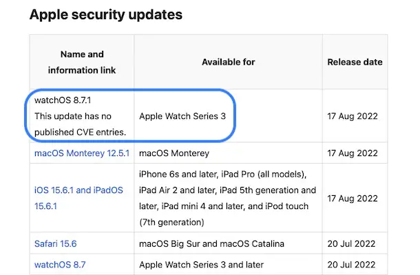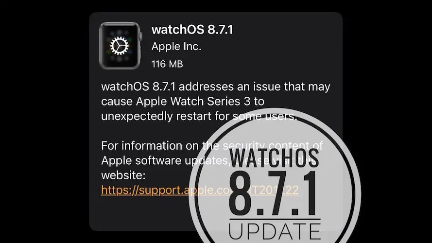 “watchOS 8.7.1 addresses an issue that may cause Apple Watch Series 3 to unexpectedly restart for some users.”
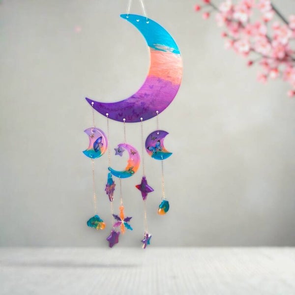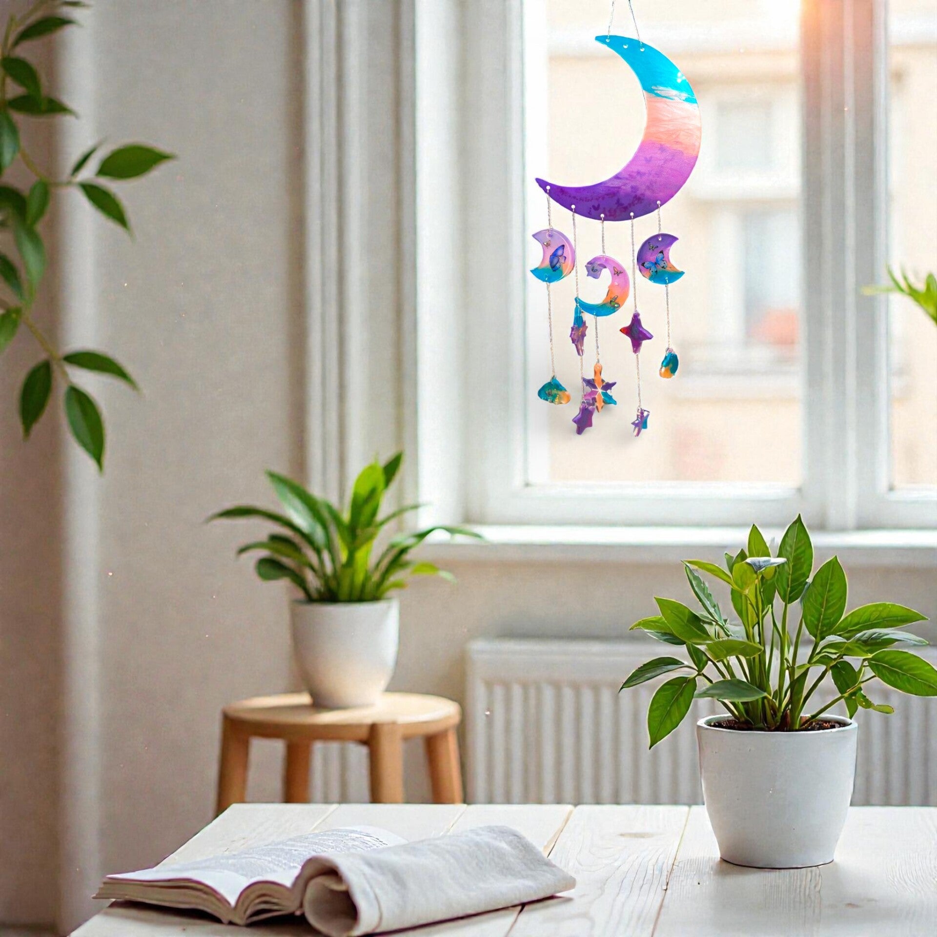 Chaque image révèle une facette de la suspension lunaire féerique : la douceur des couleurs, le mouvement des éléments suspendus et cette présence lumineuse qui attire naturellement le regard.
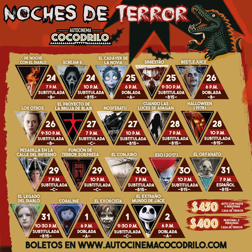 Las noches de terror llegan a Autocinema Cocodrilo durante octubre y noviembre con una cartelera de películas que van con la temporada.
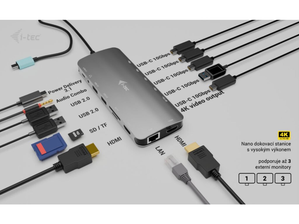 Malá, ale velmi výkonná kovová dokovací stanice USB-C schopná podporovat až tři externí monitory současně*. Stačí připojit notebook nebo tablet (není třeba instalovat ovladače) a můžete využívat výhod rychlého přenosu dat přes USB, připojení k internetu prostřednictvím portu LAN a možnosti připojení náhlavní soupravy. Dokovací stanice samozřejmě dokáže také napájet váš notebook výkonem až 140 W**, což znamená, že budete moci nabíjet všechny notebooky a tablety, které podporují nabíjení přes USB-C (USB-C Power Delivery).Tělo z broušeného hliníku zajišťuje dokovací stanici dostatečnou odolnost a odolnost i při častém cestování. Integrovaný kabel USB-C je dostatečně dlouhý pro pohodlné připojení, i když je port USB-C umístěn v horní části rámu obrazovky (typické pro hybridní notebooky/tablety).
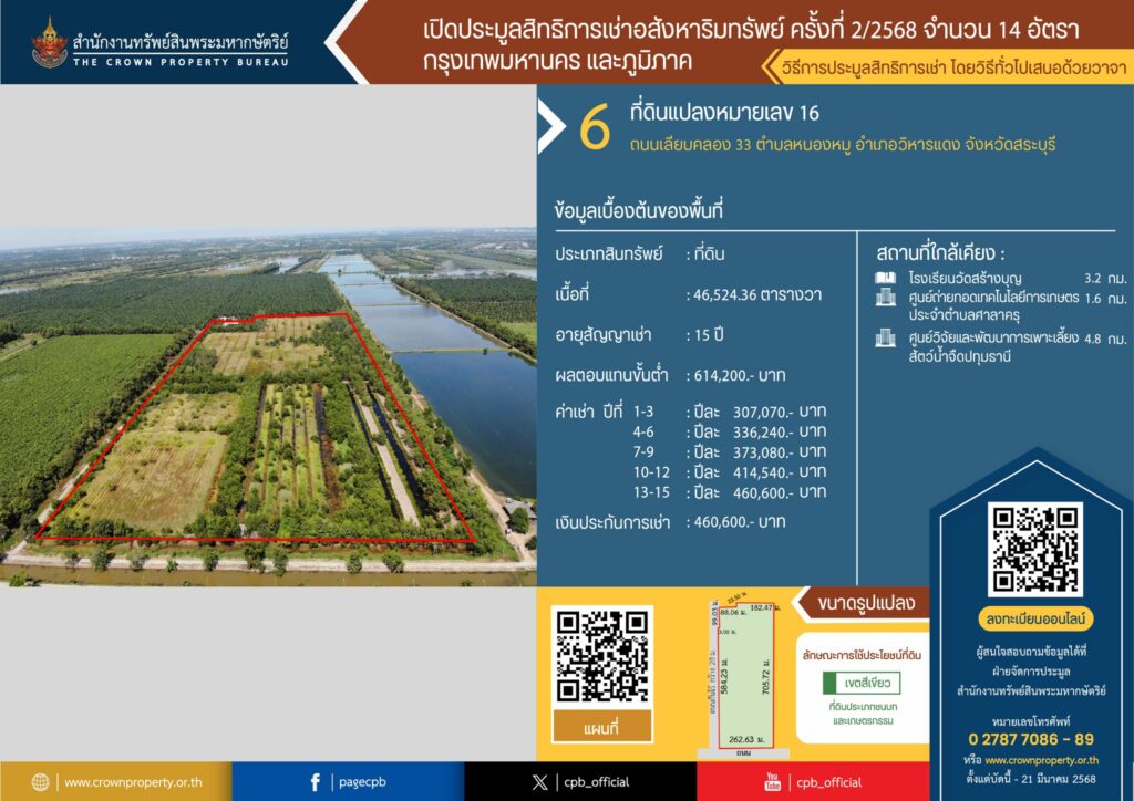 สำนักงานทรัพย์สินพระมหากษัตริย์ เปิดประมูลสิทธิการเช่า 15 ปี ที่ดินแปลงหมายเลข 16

▸ **WHAT THIS TASK INVOLVES**:
Word for word, restate each line above, minus its pictures.

▸ **WRITTEN SOLUTION**:
 “watchOS 8.7.1 addresses an issue that may cause Apple Watch Series 3 to unexpectedly restart for some users.”
 Chaque image révèle une facette de la suspension lunaire féerique : la douceur des couleurs, le mouvement des éléments suspendus et cette présence lumineuse qui attire naturellement le regard.
 Las noches de terror llegan a Autocinema Cocodrilo durante octubre y noviembre con una cartelera de películas que van con la temporada.
 Malá, ale velmi výkonná kovová dokovací stanice USB-C schopná podporovat až tři externí monitory současně*. Stačí připojit notebook nebo tablet (není třeba instalovat ovladače) a můžete využívat výhod rychlého přenosu dat přes USB, připojení k internetu prostřednictvím portu LAN a možnosti připojení náhlavní soupravy. Dokovací stanice samozřejmě dokáže také napájet váš notebook výkonem až 140 W**, což znamená, že budete moci nabíjet všechny notebooky a tablety, které podporují nabíjení přes USB-C (USB-C Power Delivery).Tělo z broušeného hliníku zajišťuje dokovací stanici dostatečnou odolnost a odolnost i při častém cestování. Integrovaný kabel USB-C je dostatečně dlouhý pro pohodlné připojení, i když je port USB-C umístěn v horní části rámu obrazovky (typické pro hybridní notebooky/tablety).
 สำนักงานทรัพย์สินพระมหากษัตริย์ เปิดประมูลสิทธิการเช่า 15 ปี ที่ดินแปลงหมายเลข 16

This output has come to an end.